Есть два способа жизни. Первый — жить, угождая себе. Второй — жить, угождая Богу и тем самым угождая себе. Первый способ кажется наиболее ясным, выгодным, коротким. Но это иллюзия. Когда люди живут, угождая себе, они невольно завидуют друг другу, подозревая, что другой ловчее угодил себе. Отсюда взаимная ненависть, которая короткий путь превращает в бесконечный путь всеобщей борьбы друг с другом. Когда люди живут, угождая Богу и тем самым себе, они не испытывают зависти друг к другу. Бог не выделяет любимцев. Образно говоря, они чаще смотрят вверх, а не друг на друга. Им не надоедает смотреть друг на друга. Они смотрят друг на друга уже освеженными глазами.
Надо удивляться не тому, что первый путь практически почти всегда побеждает, ибо слаб человек. Надо удивляться тому, что идея второго пути, будучи тысячи раз побеждена первым путем, не умирает, а продолжает жить, что и доказывает ее истинность.
— Интересно, как у человека с годами изменяется отношение к истине. Известный исторический анекдот. Гете и Бетховен гуляют по дороге. Появляется коляска очень знатного человека. Гете глубоко кланяется ему, а Бетховен демонстративно неподвижен.
В юности казалось, что Бетховен прав в своей гордой независимости, а Гете поступил как жалкий верноподданный. Филистер. Так его называл Энгельс.
Теперь, в зрелости, я вижу, что они оба были правы. Бетховен своей подчеркнутой независимостью как бы говорит: уважать человека нужно за его личные достоинства, а не за высокое происхождение.
Гете своим уважительным поклоном говорит: нельзя внезапно порывать с традицией — это грозит хаосом и кровью.
И вот они поступили противоположно, но каждый по-своему прав.

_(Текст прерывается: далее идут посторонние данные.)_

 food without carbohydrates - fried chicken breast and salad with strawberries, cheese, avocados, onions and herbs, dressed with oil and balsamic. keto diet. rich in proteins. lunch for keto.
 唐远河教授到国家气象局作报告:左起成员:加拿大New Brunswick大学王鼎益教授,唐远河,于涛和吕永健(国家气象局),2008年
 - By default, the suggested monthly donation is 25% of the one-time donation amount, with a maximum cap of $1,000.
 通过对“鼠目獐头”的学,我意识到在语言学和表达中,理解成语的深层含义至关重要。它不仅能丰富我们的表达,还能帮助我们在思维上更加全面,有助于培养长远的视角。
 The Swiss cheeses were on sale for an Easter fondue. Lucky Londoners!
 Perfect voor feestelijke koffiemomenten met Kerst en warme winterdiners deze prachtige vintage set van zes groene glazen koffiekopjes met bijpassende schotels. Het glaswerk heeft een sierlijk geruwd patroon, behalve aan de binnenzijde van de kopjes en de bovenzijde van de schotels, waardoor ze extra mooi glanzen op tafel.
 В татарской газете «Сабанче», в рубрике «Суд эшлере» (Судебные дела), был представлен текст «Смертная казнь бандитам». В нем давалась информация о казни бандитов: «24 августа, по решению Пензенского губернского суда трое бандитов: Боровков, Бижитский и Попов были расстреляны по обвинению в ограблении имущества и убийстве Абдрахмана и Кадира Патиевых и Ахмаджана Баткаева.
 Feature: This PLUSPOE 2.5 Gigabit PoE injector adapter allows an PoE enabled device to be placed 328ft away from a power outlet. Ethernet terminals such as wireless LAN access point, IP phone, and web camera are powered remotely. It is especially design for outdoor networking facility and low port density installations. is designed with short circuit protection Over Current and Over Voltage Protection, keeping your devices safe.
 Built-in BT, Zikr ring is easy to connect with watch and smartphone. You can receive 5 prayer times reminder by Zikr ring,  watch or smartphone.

— Более того! Бетховен был бы неправ без противоположного жеста Гете. И Гете был бы неправ без противоположного поведения Бетховена.
Историческая мудрость в этом единстве противоречий. Без уважения к традициям жизнь превращается в хаос. Без утверждения личного достоинства человека, независимо от происхождения, жизнь мертвеет. Новое должно пробиваться постепенно сквозь ветшающую традицию и само должно превращаться в традицию.
— А как ты думаешь, чем вызваны современные кавказские и среднеазиатские войны?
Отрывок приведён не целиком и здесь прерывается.